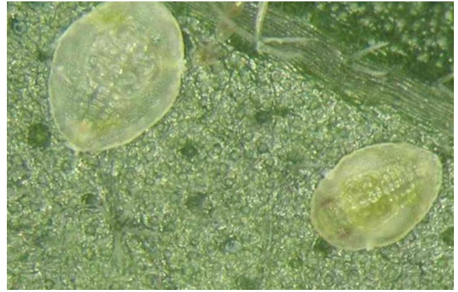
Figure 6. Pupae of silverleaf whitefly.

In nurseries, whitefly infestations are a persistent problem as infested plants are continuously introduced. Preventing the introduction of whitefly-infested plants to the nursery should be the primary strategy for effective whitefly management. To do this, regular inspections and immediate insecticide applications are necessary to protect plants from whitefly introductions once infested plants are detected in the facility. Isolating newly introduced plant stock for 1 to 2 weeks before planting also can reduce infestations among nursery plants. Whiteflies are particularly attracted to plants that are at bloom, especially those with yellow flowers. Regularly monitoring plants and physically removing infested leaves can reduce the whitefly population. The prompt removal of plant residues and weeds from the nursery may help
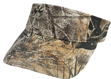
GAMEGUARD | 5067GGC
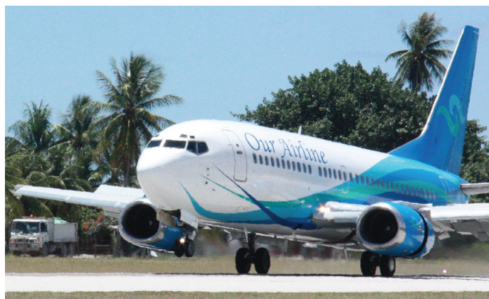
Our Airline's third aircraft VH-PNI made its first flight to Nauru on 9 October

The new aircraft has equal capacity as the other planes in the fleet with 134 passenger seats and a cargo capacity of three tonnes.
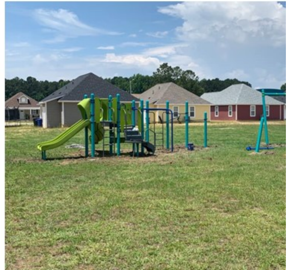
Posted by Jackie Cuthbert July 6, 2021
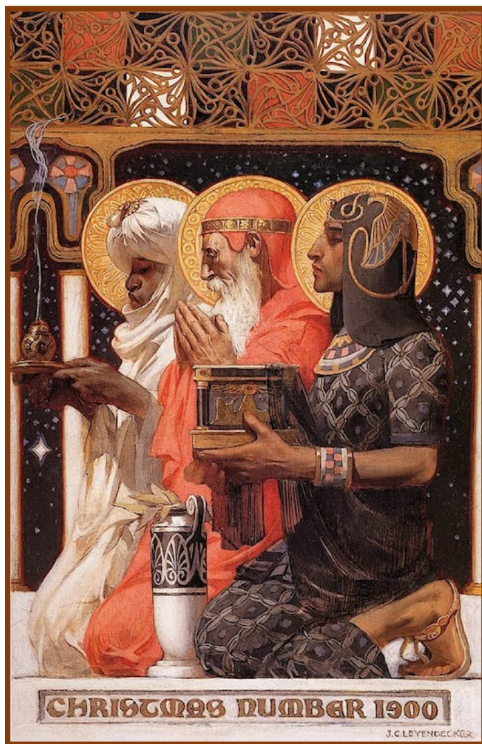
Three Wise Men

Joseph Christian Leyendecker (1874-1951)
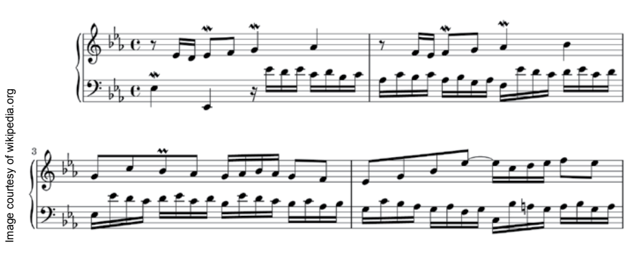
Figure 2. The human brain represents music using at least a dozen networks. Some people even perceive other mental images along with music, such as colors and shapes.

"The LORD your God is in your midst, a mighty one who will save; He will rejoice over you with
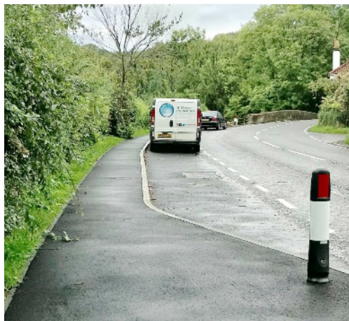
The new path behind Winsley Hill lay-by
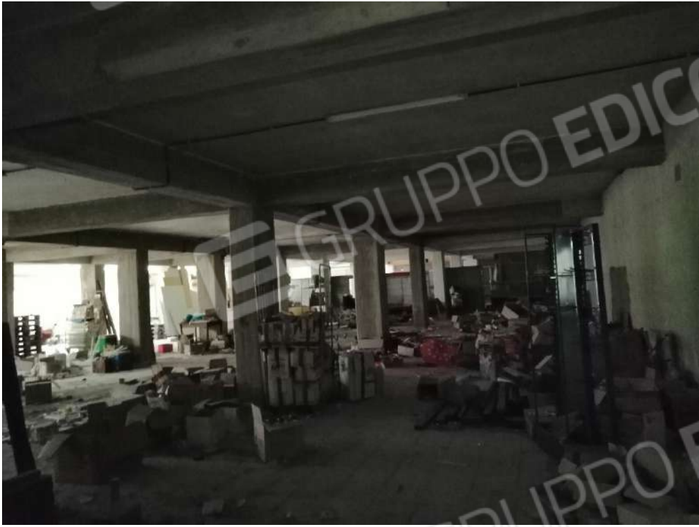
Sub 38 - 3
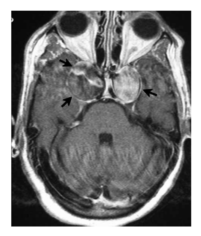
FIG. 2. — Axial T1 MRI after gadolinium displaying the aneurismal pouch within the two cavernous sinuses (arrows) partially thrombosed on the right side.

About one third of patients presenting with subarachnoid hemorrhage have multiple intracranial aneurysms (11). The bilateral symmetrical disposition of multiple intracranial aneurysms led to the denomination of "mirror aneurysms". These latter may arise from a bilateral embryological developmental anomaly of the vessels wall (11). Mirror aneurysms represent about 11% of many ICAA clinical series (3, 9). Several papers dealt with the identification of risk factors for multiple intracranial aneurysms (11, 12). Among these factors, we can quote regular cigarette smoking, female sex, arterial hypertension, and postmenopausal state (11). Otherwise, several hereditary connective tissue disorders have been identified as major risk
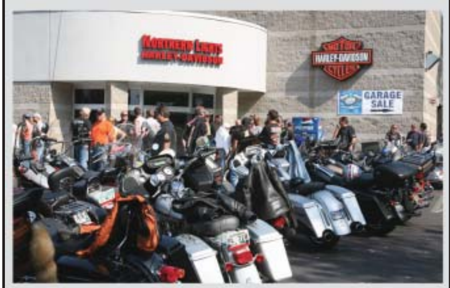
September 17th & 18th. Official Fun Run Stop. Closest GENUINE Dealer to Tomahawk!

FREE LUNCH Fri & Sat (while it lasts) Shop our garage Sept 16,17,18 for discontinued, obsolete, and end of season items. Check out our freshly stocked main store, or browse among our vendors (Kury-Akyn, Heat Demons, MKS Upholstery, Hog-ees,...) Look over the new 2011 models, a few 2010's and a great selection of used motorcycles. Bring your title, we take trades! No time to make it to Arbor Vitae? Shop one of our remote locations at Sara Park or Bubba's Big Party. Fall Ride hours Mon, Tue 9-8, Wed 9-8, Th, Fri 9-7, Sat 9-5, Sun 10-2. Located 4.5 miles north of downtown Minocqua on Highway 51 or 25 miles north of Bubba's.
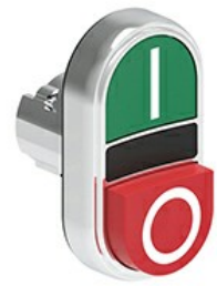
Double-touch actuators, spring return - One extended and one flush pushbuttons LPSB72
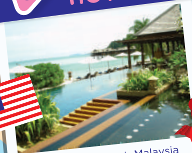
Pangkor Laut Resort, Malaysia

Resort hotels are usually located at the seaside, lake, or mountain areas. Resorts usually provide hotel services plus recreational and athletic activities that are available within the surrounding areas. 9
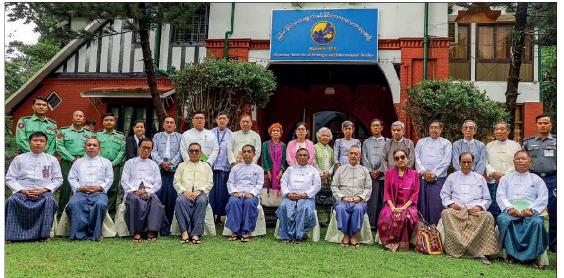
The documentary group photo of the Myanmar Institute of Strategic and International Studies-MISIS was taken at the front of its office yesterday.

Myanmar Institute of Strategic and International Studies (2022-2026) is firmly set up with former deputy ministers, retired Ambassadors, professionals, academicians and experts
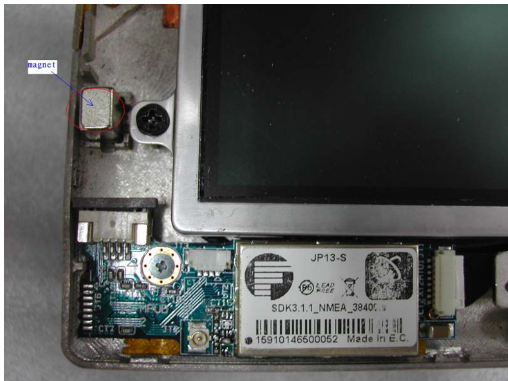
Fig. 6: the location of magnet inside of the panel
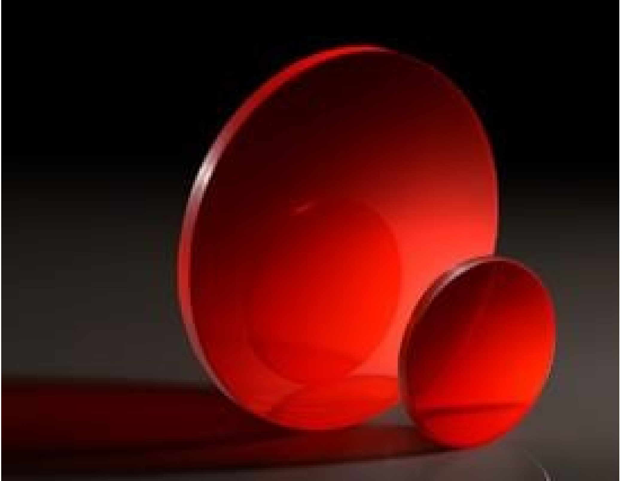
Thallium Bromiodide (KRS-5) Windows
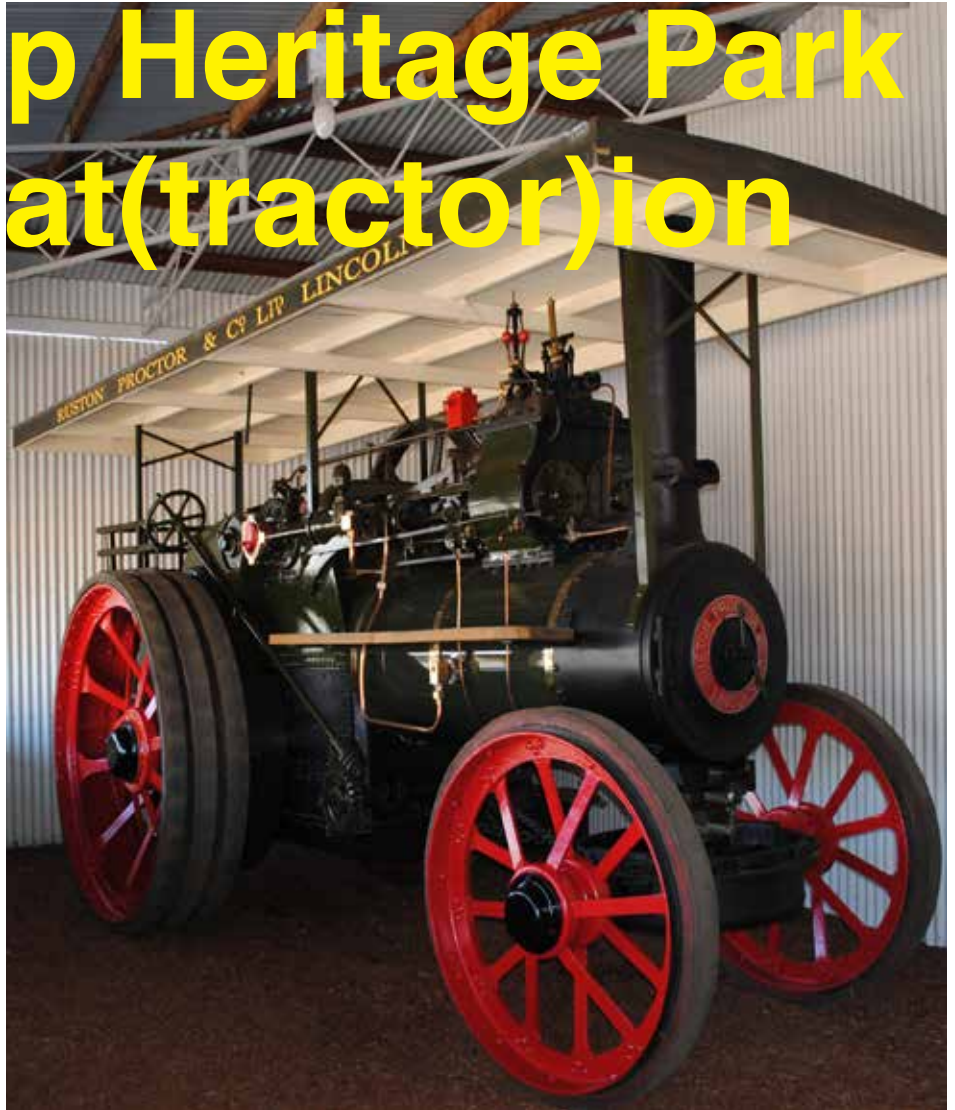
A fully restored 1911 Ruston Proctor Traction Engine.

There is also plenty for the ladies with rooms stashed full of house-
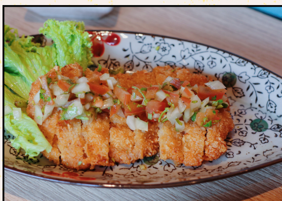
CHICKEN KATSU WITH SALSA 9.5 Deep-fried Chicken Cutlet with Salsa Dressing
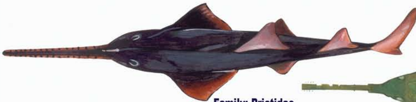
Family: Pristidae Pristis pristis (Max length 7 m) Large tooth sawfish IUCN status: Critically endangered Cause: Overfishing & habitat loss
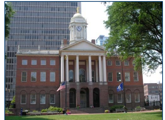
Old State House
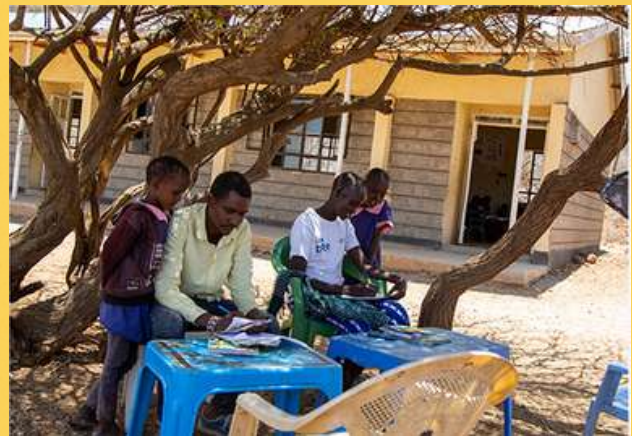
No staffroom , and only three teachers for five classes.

- What is being asked:
The stretch to restate runs from the line above containing "Figure 2. The" through the line containing "About one third". Copy it word for word, ends included, without pictures.

- Result of the task:
Figure 2. The human brain represents music using at least a dozen networks. Some people even perceive other mental images along with music, such as colors and shapes.

"The LORD your God is in your midst, a mighty one who will save; He will rejoice over you with
The new path behind Winsley Hill lay-by
Sub 38 - 3
FIG. 2. — Axial T1 MRI after gadolinium displaying the aneurismal pouch within the two cavernous sinuses (arrows) partially thrombosed on the right side.

About one third of patients presenting with subarachnoid hemorrhage have multiple intracranial aneurysms (11). The bilateral symmetrical disposition of multiple intracranial aneurysms led to the denomination of "mirror aneurysms". These latter may arise from a bilateral embryological developmental anomaly of the vessels wall (11). Mirror aneurysms represent about 11% of many ICAA clinical series (3, 9). Several papers dealt with the identification of risk factors for multiple intracranial aneurysms (11, 12). Among these factors, we can quote regular cigarette smoking, female sex, arterial hypertension, and postmenopausal state (11). Otherwise, several hereditary connective tissue disorders have been identified as major risk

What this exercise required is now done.